Twelve Angry LLMs

LLM-as-a-judge is an emerging AI evaluation method where a large language model (LLM) assesses the quality of other LLM-generated outputs based on predefined criteria, acting like a human judge by identifying strengths and weaknesses. It's a technology with remarkable potential because it can partially replace the current complex and time-consuming methods. However, most LLM judges are unstable.

Twelve Angry LLMs library builds an LLM jury to measure agreement among multiple LLM judges which increases their stability and improves the performance.

Twelve Angry LLMs supports the following tasks:

Text generation (agreement via token overlap)
Classification (single- or multi-label agreement)
Ranking (agreement via rank correlation)

Modular design:

Tasks: Generation, Classification, Ranking
Judge: prompts an LLM and normalizes outputs
Jury: orchestrates judges and computes agreement
LLMClient: plug any provider (OpenAI, HF, local), via a simple generate(prompt, ...) interface

Installation

pip install twelve-angry-llms

Quickstart

Below is a minimal, self-contained example using a tiny mock client. Replace the mock with your provider by implementing LLMClient.

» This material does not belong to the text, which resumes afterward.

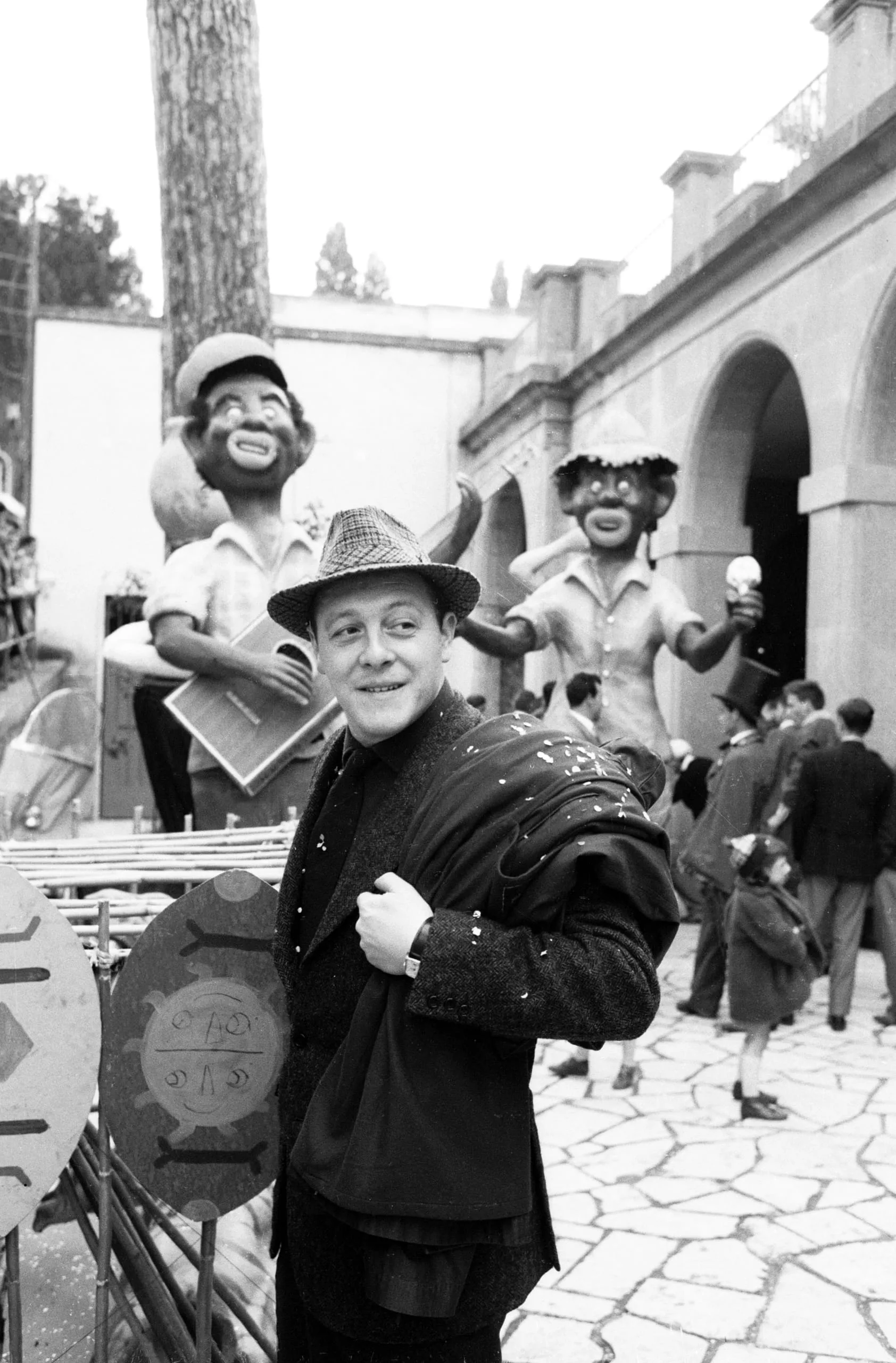 Black and white photograph of a smiling white man in a fedora and dark jacket holding a coat, with oversized carnival figures looming behind him in an outdoor courtyard

from twelve_angry_llms.tasks import GenerationTask, ClassificationTask, RankingTask
from twelve_angry_llms.judge import Judge
from twelve_angry_llms.jury import Jury
from twelve_angry_llms.clients.base import LLMClient

# Mock clients returning deterministic outputs for demonstration
class FixedClient:
    def __init__(self, text): self.text = text
    def generate(self, prompt: str, **kwargs) -> str: return self.text

# 1) Generation agreement (token Jaccard over pairwise outputs)
gen_task = GenerationTask(input_text="Summarize: LLMs are used for many NLP tasks.")
judges_gen = [
    Judge("gpt-A", FixedClient("LLMs are widely used in NLP tasks.")),
    Judge("gpt-B", FixedClient("Large language models power many NLP applications.")),
    Judge("gpt-C", FixedClient("LLMs are used for various NLP tasks.")),
]
jury = Jury(judges_gen)
gen_result = jury.evaluate(gen_task)
print("Generation agreement:", gen_result.agreement)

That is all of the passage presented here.